Posts Tagged ‘Lamgston Hughes’

Homage or appropriation?

Friday, December 6th, 2019

As so often A D Coleman got me thinking with his look at The Waters of Our Time in his post Three Weeks in Bookworm Heaven (3), one of a short series about his recent 3 week residency on a Teti Photography Fellowship at the Institute of Art and Design at New England College in Manchester, NH, USA.

The book by photographer Thomas Roma and his writer and musician son Giancarlo T. Roma is very clearly based in its concept and design on the ground-breaking 1955 publication The Sweet Flypaper of Life in which photographs by Roy DeCarava were accompanied with a fictional text inspired by the images written by the poet Langston Hughes, who edited a larger selection to fit his writing. This was the first monograph by a Black photographer, and the publisher had been reluctant to publish it simply as a book of photographs but accepted the work with the much better-known poet’s name as co-author.

If you don’t have a copy of The Sweet Flypaper of Life you can get an idea of the book in another page turning video which shows not the original but the 1984 Howard University Press edition, and even the music is rather better and more appropriate than the Roma book linked above.

Not that Richie Havens version of the Jerry Merrick song “Follow” which accompanies that page-through is bad; it’s a great song but pacing the view of the book to it just doesn’t work, and the words are an unfortunate intrusion into the viewing of the pictures. Sentences from Merrick’s lyrics are also quoted at intervals in the text of the book – which accounts for the pacing of the video which more or less keeps up with there use. It’s quite hard to keep up with the pace reading the rest of the text, and I had to pause the video a few times both to look at the pictures and to read it.

Unfortunately, although there are some interesting images, too many fail to have much interest to me, and the juxtaposition with the images seldom seems to really make sense. Even the layout of the images and text, a feature of the original work, seems shoe-horned into an inappropriate format. Coleman has clearly studied the work at greater length and depth than I and in book form rather than the video, and it is hard to disagree with his conclusions.

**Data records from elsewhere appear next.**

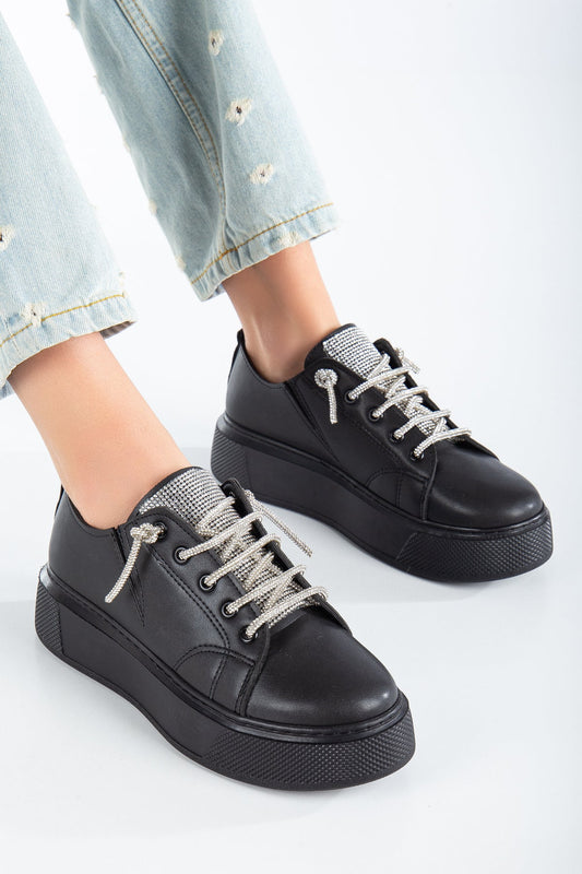 Taş Bağcıklı Streç Detaylı Günlük Kadın Ayakkabı Siyah
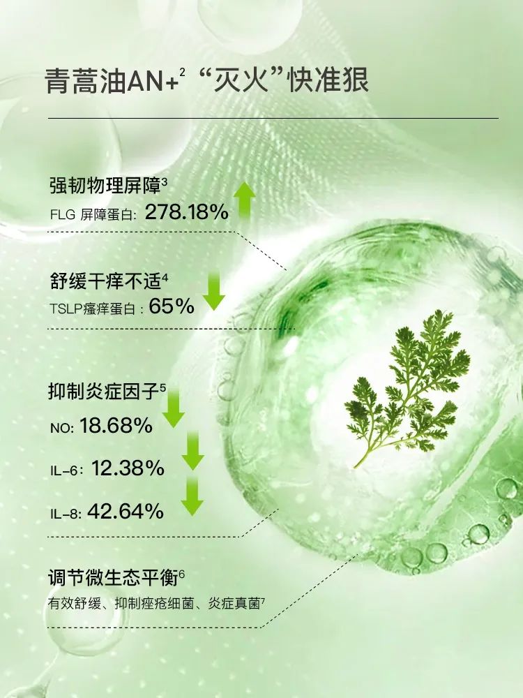 据了解,品牌核心成分青蒿油AN+主要通过提高皮肤微生物多样性,降低皮肤表面条件致病菌,来调节皮肤微生态。同时青蒿油AN+可以提高屏障蛋白FLG基因表达,起到皮肤屏障功能保护作用。另外,青蒿油AN+还可以抑制炎症因子,舒缓肌肤干痒不适,多通路改善敏感问题,强韧肌肤。
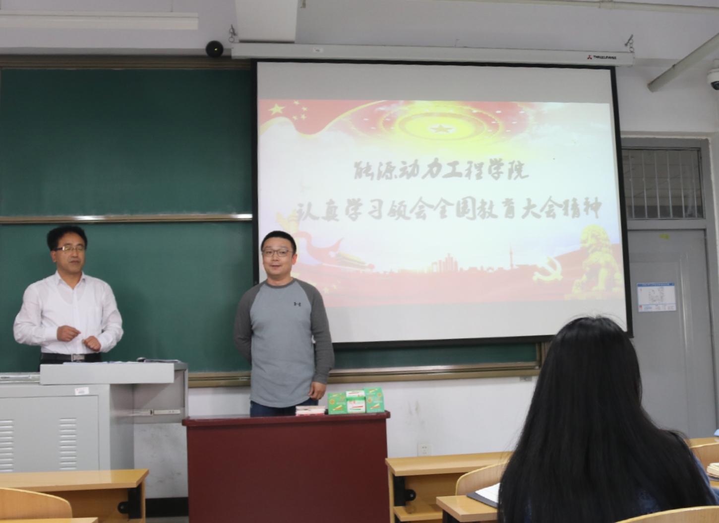 9月21日,能源动力工程学院在15108Z组织全院教职工认真学习领会全国教育大会精神,全院师生对大会的召开高度关注,认真收听收看相关报道,深入学习领会大会精神,并深入动员、广泛宣传、热烈讨论,使全院师生的思想自觉地统一到大会的精神上来,同党中央保持高度一致。与会领导老师结合自身工作及学习实际,畅谈学习习近平总书记重要讲话的感想,以及对今后教育工作的思考。大家一致认为,习近平总书记的重要讲话是指导新形势下党的教育工作的纲领性文献,为我们当前和今后做好高等教育工作指明了方向。
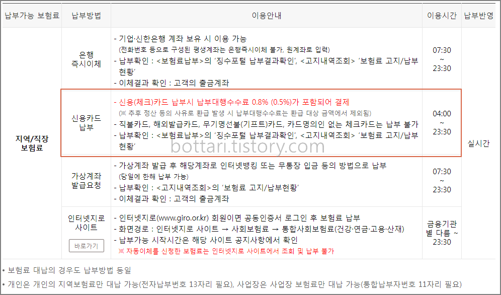 의료보험 카드납부, 국민연금 등 납부방법
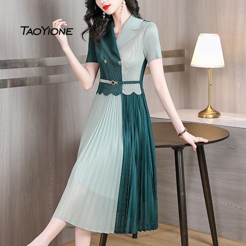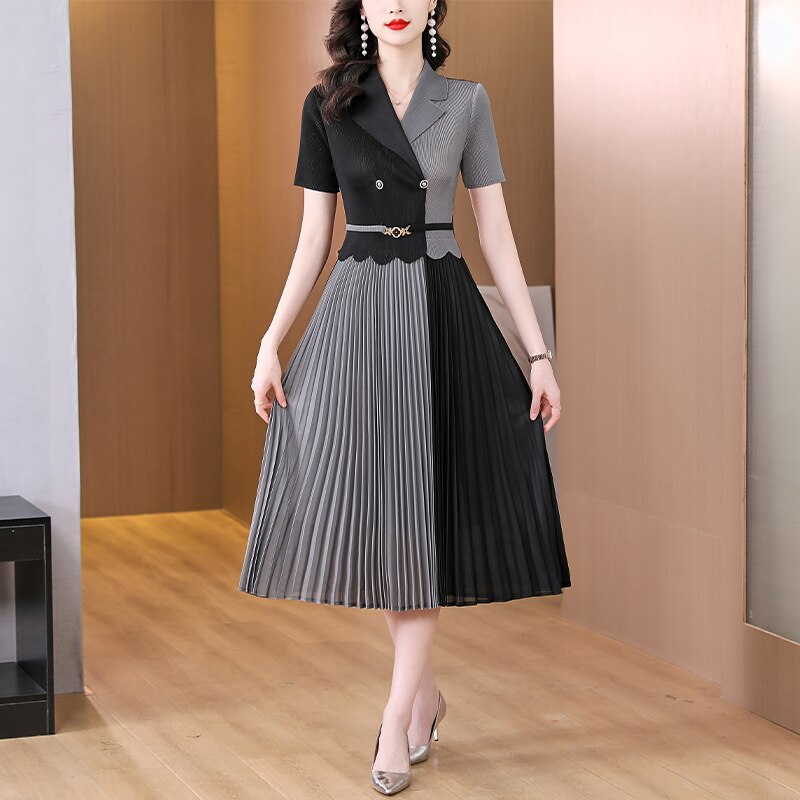 2023 Vestidos Vintage Sweet Chiffon Elegant Summer Solid Pleated Midi Short Sleeve Dress Female Robe Women's Spring Lady Dresses
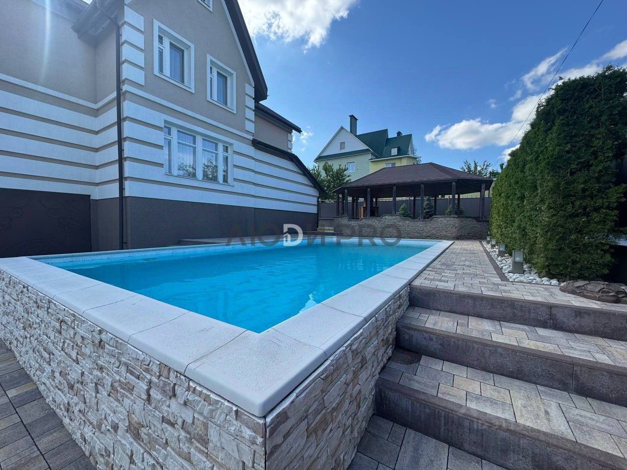 ПОСТРОЙКИ НА УЧАСТКЕ бассейн- цельнобетонная чаша, покрытие 3Д плёнка, оборудование high class, мангальная зона с беседкой, площадка для отдыха, паркинг.
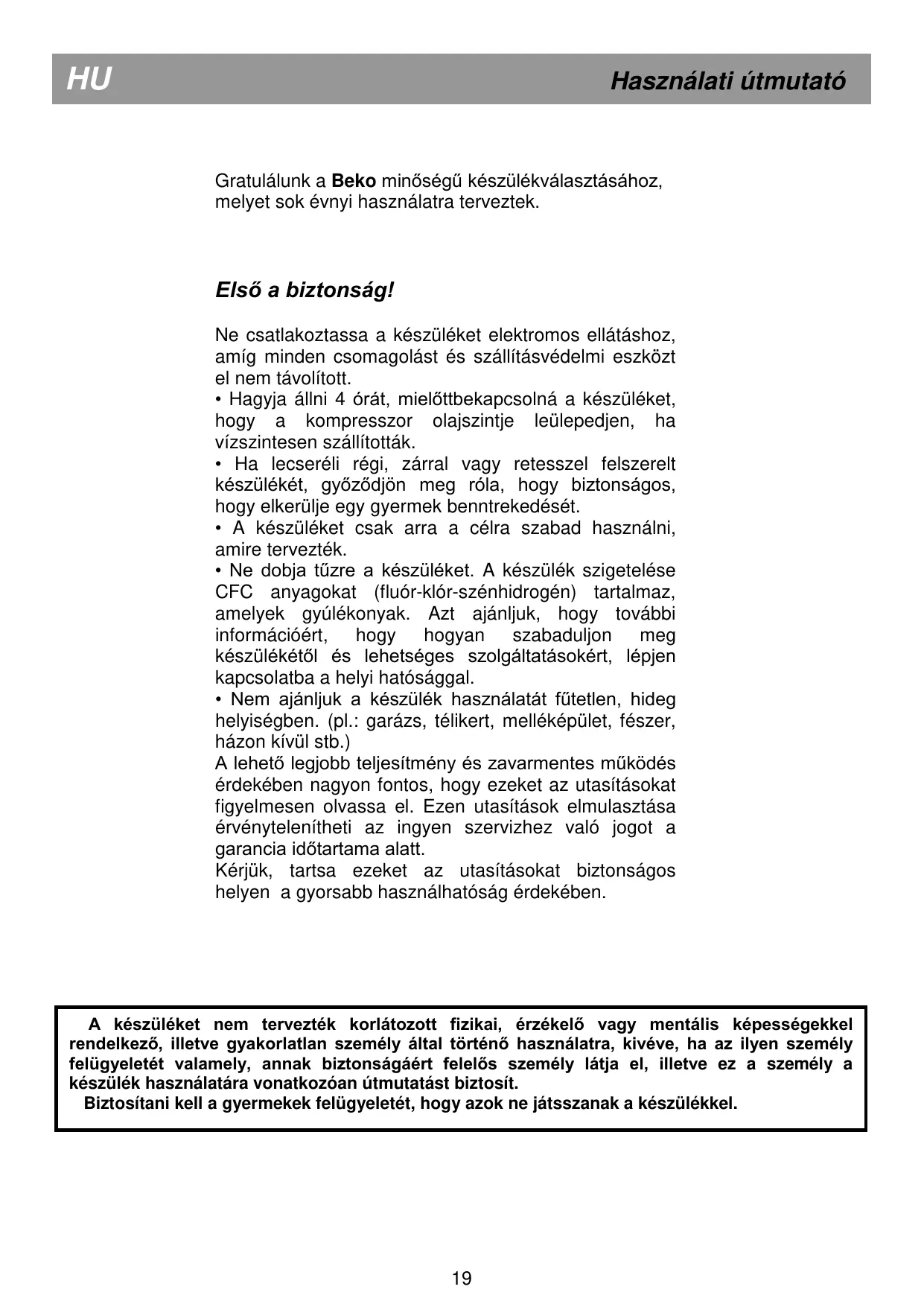 Első a biztonság! Ne csatlakoztassa a készüléket elektromos ellátáshoz, amíg minden csomagolást és szállításvédelmi eszközt el nem távolított. • Hagyja állni 4 órát, mielőttbekapcsolná a készüléket, hogy a kompresszor olajszintje leülepedjen, ha vízszintesen szállították. • Ha lecseréli régi, zárral vagy retesszel felszerelt készülékét, győződjön meg róla, hogy biztonságos, hogy elkerülje egy gyermek benntrekedését. • A készüléket csak arra a célra szabad használni, amire tervezték. • Ne dobja tűzre a készüléket. A készülék szigetelése CFC anyagokat (fluór-klór-szénhidrogén) tartalmaz, amelyek gyúlékonyak. Azt ajánljuk, hogy további információért, hogy hogyan szabaduljon meg készülékétől és lehetséges szolgáltatásokért, lépjen kapcsolatba a helyi hatósággal. • Nem ajánljuk a készülék használatát fűtetlen, hideg helyiségben. (pl.: garázs, télikert, melléképület, fészer, házon kívül stb.) A lehető legjobb teljesítmény és zavarmentes működés érdekében nagyon fontos, hogy ezeket az utasításokat figyelmesen olvassa el. Ezen utasítások elmulasztása érvénytelenítheti az ingyen szervizhez való jogot a garancia időtartama alatt. Kérjük, tartsa ezeket az utasításokat biztonságos helyen a gyorsabb használhatóság érdekében.
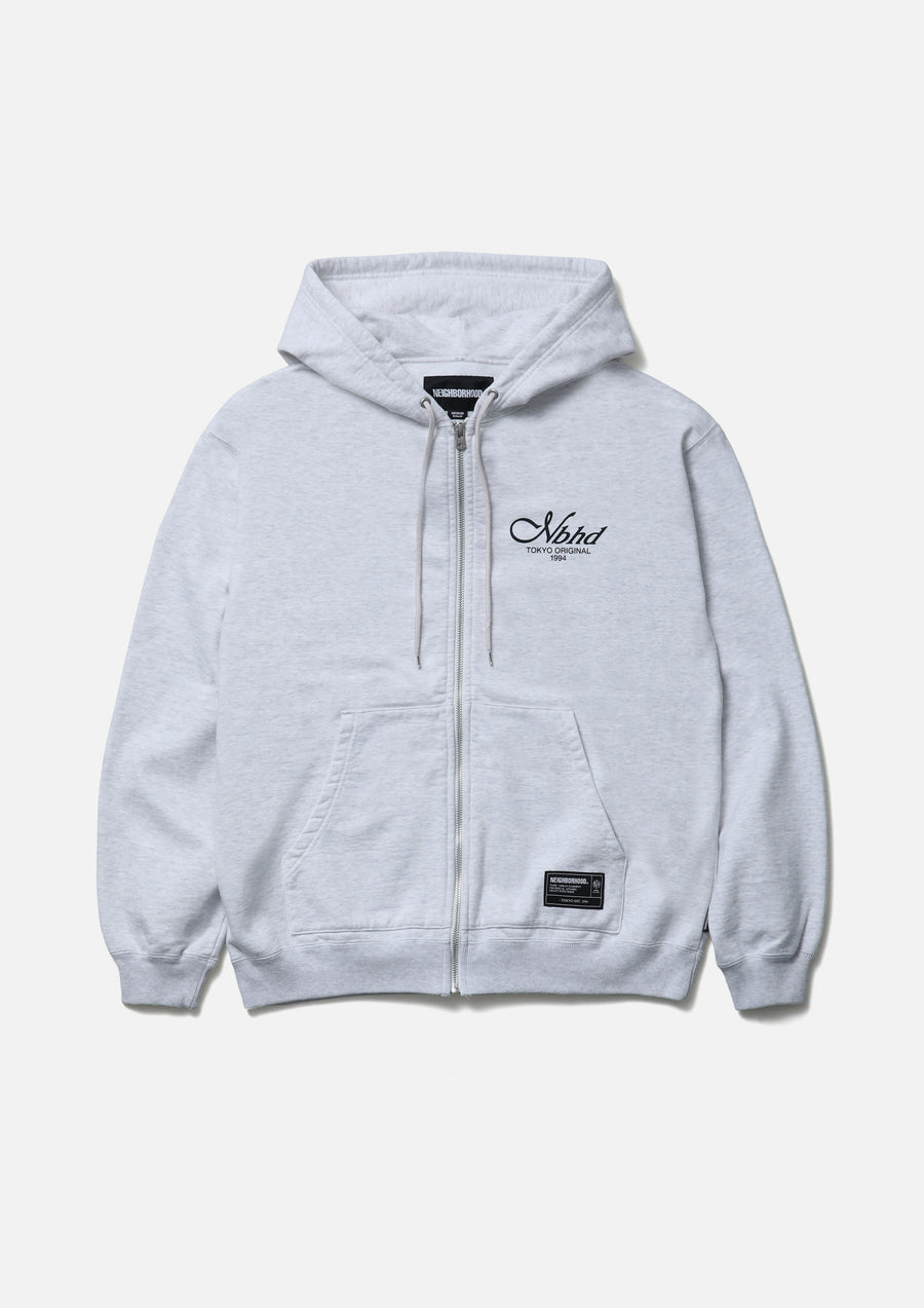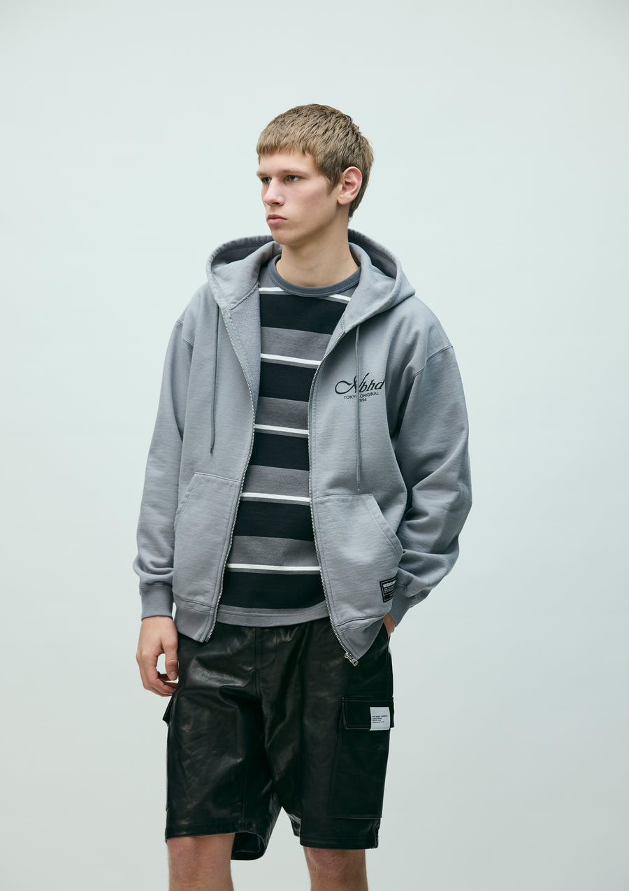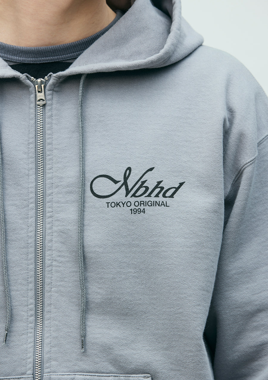 Zip-up hoodie made from medium-weight cotton fleece fabric. Features printed logos on the left chest and back. Equipped with an original adjustable drawcord at the hood and original zipper pulls. A brand tag is placed at the left hem, and a woven side label is attached at the side seam. Completed with a one-wash finish.
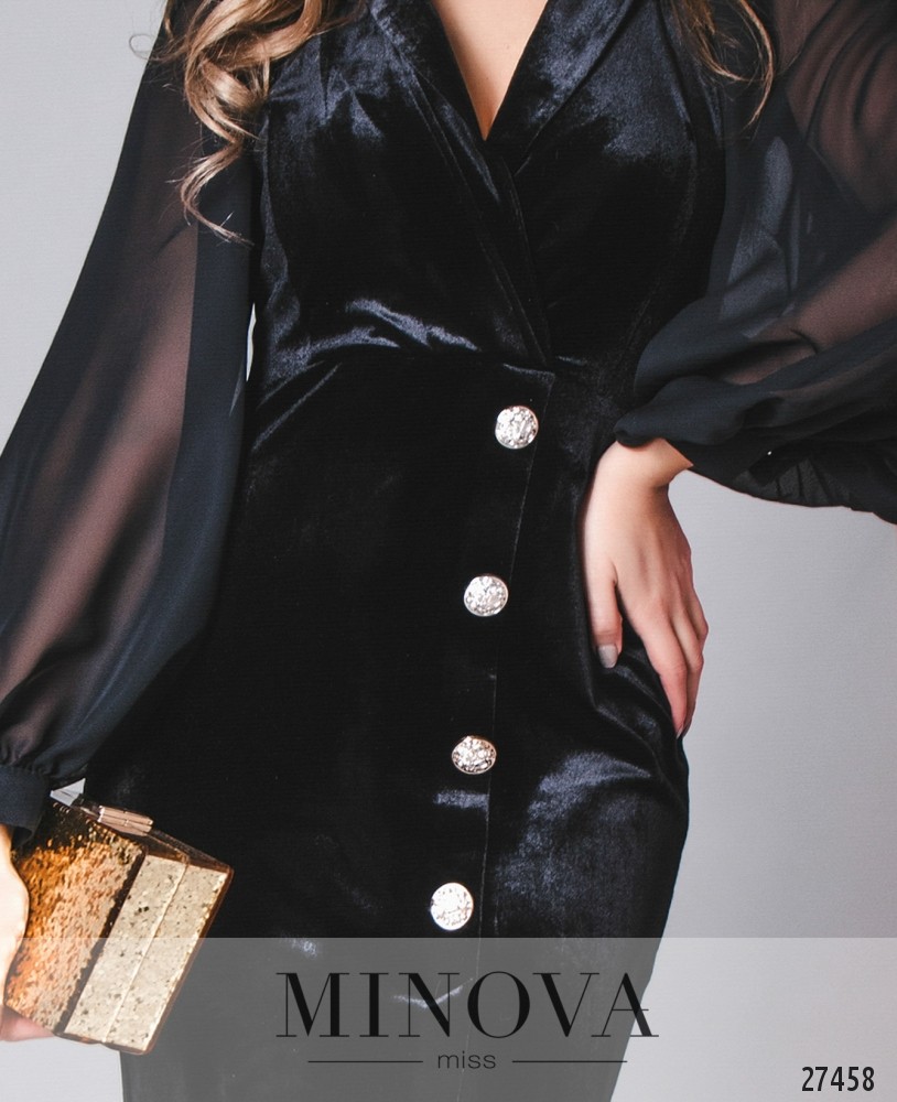 Бархатное платье-жакет с рукавами – буфами. Элегантное платье с отложным воротником и крупными декоративными пуговицами. Ряд пуговиц продолжен аккуратным кокетливым разрезом. Платье с отрезной талией и лифом на запах оформлено объемными полупрозрачными рукавами из шифона. Рукава собраны в манжеты с пуговицами (пуговицы действующие). В изделии отсутствует молния.
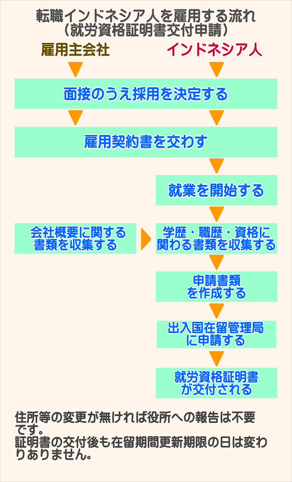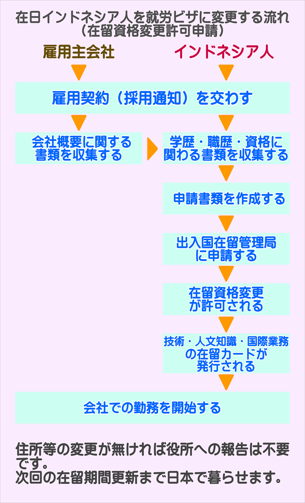 在日インドネシア人を採用し在留資格を「技術・人文知識・国際業務」に変更するする流れ

Fortunately for those of us who lacked the foresight to buy the 1955 original of The Sweet Flypaper of Life, a near-facsimile edition with an afterword came out in 2018 and can still be bought new as well as second-hand.

You can also watch several short clips about De Carava on You Tube as well as a lengthy panel discussion of ‘The Sweet Flypaper of Life’ moderated by Thelma Golden, director and chief curator of The Studio Museum in Harlem -has an introduction to the book at around 19’12”, after which each of the panel, including A D Coleman, talks about their favourite image from the book. There is a set of his images on NPR, along with some links.